When used in intensive care units, video laryngoscopy did not improve the chances of successful intubation on the first try, compared with direct laryngoscopy, and was associated with a significantly higher risk of severe life-threatening complications, researchers reported.
In a multicenter, randomized trial of 371 patients, first-pass intubation rates did not differ significantly whether video or direct laryngoscopy was used, at 67.7% and 70.3%, respectively, Jean Baptiste Lascarrou, MD, of District Hospital Centre, La Roche-sur-Yon, France, and his associates wrote. Meanwhile, the combined rate of death, cardiac arrest, severe cardiovascular collapse, and hypoxemia was 9.5% with video laryngoscopy and just 2.8% with direct laryngoscopy, a significant difference (JAMA. 2017 Jan 24;317[5]:483-93).
“Improved glottis visualization with video laryngoscopy did not translate into a higher success rate for first-pass intubation, because tracheal catheterization under indirect vision was more difficult, in keeping with earlier data,” the researchers concluded. “Further studies are needed to assess the comparative effectiveness of these two strategies in different clinical settings and among operators with diverse skill levels.”
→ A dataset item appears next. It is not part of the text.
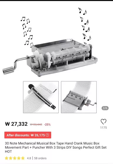 딸내미가 생일 선물로 오르골을 받고 싶다고 하네요. 와이프는 쿠X 에서 몇가지 제품을 살펴보고 저는 옆에서 기웃 거리다가 그거 알리에서 구입하면 더 쌀텐데... 하며 알리 어플을 열어 이것저것 살펴보다가 재미있는 제품을 발견 하였습니다.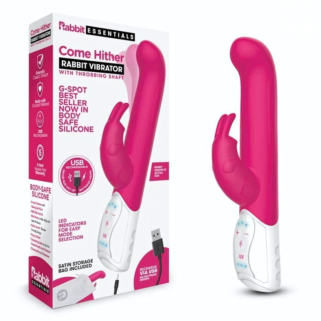 Вибромассажер для G-точки и клитора «Come Hither G-Spot Rabbit», двойная стимуляция, силикон, 24.5 см, розовый

Intubation in the ICU carries an inherently high risk because patients are often acutely unstable, and the intubating clinician is usually a nonexpert, the investigators noted. At the same time, the procedure must be done quickly to prevent aspiration because patients usually have not fasted. Care bundles and training on simulators have improved safety, but ICU intubations remain riskier than those done in the operating room.
Observational studies and smaller trials in ICUs seemed to support video laryngoscopy over the Macintosh laryngoscope, but raised questions about intubation time and mortality, the investigators noted. To help resolve these issues, they randomly assigned adults needing orotracheal intubation at seven ICUs in France to either video or direct Macintosh laryngoscopy, and followed them for 28 days. Patients averaged 63 years of age, and 37% were women.
For both arms, residents performed the initial intubation attempt in about 80% of cases, and successful intubation usually took 3 minutes. Video laryngoscopy did not significantly increase the combined risk of esophageal intubation, aspiration, arrhythmia, or dental injury (5.4% versus 7.7% for direct laryngoscopy). But the only death in the study occurred after video laryngoscopy, and there were four cardiac arrests after video laryngoscopy and none after direct laryngoscopy, the researchers said. Furthermore, the rate of severe hypoxemia was nearly six times higher after video laryngoscopy than with direct laryngoscopy, and the rate of hypotension was twice as high.
The researchers did not identify predictors of life-threatening complications with video laryngoscopy, but hypothesized that being able to clearly visualize the glottis might create “a false impression of safety,” especially among nonexperts. “In addition, poorer alignment of the pharyngeal axis, laryngeal axis, and mouth opening despite good glottis visualization by video laryngoscopy can lead to mechanical upper airway obstruction and faster progression to hypoxemia,” they wrote.
Centre Hospitalier Département de la Vendée sponsored the study. Dr. Lascarrou reported having no relevant conflicts of interest. Four coinvestigators disclosed ties to Fisher & Paykel, LFB, Merck Sharp & Dohme, Astellas, Basilea Pharmaceutica. Gilead, Alexion, and Cubist. The remaining coinvestigators had no disclosures.